Wiki

Main | Proposals
Search
Print Print Details Details

OpenSSO Integration

Tags: installation liferay v5.0.2

Table of Contents [-+]

OpenSSO and Liferay integration

This page describes the fixes done to OpenSSO integration and also gives an overview of design.

Fixes

  1. Utilize opensso fix for 1079 - use isTokenValid operation to validate session
    • if user logged out of OpenSSO directly or thru any other app, then user needs to be completely logged out. If validation is not done, then the user remains logged in to portal
  2. Do not send cookie as query param - its a security hole. POST it.
  3. Use getCookieNameForToken operation to get name of the cookie instead of configuring it
  4. Utilize getCookieNamesToForward operation and forward all these cookies via POST for reliable operation
  5. The following attributes should be configurable
    • firstName=cn
    • lastName=sn
    • screenName=givenName
    • emailAddress=mail
  6. Fix the method that parses attribute name-value pairs. Was working but this is little better.
  7. Fix Single Logout

Design Overview

The authentication filter is OpenSSOFilter.java. It redirects an unauthenticated user to OpenSSO for login. After user logs in using the credentials at OpenSSO, s/he is redirected back to Liferay using the "goto" query parameter. This second time, the filter validates the user by making a REST call to OpenSSO.

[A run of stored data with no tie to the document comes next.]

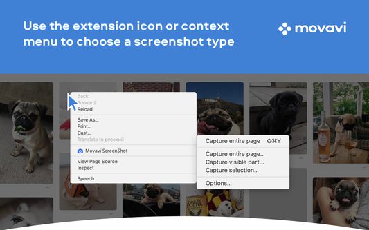 Check that the ScreenShot icon has appeared in the top right corner of your browser. Hit it and choose the size of the area you want to capture – the entire page, the full screen, or selected parts. Scrolling down the page from top to bottom causes Movavi ScreenShot to capture the page automatically. Wait for a few seconds until the capturing process is finished. Save the screenshot to your computer, choosing an appropriate format and folder. The image will be saved in JPG format by default. Now you can edit the screenshot whenever you wish or upload it to the cloud.
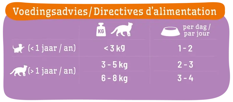 Ons advies in de voedingstabel en calculator is een richtlijn. Andere factoren zoals o.a. ras, beweging en geslacht spelen ook een rol bij de dagelijkse voedingsbehoefte van je dier. Blijf naar je dier kijken en pas de hoeveelheid aan wanneer nodig. Zorg er ook voor dat je dier altijd een bakje vers drinkwater heeft. Wij adviseren om de voeding voor de aangegeven houdbaarheidsdatum aan je dier te serveren. Sluit de verpakking na openen weer zorgvuldig af en bewaar de voeding altijd op een koele en droge plaats.
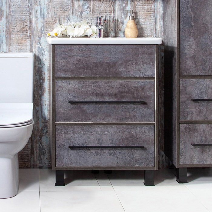 - Современный дизайн в популярном цвете "цемент" с черной фурнитурой.
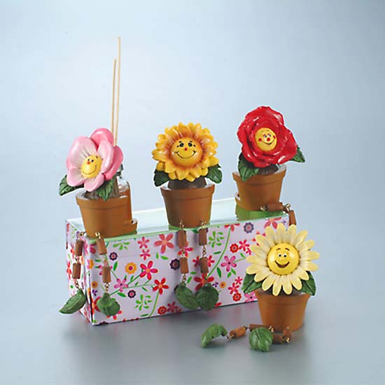 The oil diffuser features a flower pot figurine with a 20ml bottle for the fragrance oil. The wooden reeds are used to diffuse the fragrance into the air. Add an aromatic scent to the ambiance with this cheerful flower pot oil diffuser.

In addition to the filter, the auto.login.hooks has OpenSSOAutoLogin configured which implements the AutoLogin interface. The AutoLogin filter calls login method on this class when any unauthenticated (to portal) user is detected. This hook checks if the user is already authenticated at OpenSSO. Then it gets the screen name from OpenSSO. Then it checks if the user already exists in Liferay. It creates a new user if the user is not found in Liferay. It imports four essential attributes from OpenSSO user store, namely, First Name, Last Name, Screen Name, Email. These 4 attributes must be set in OpenSSO.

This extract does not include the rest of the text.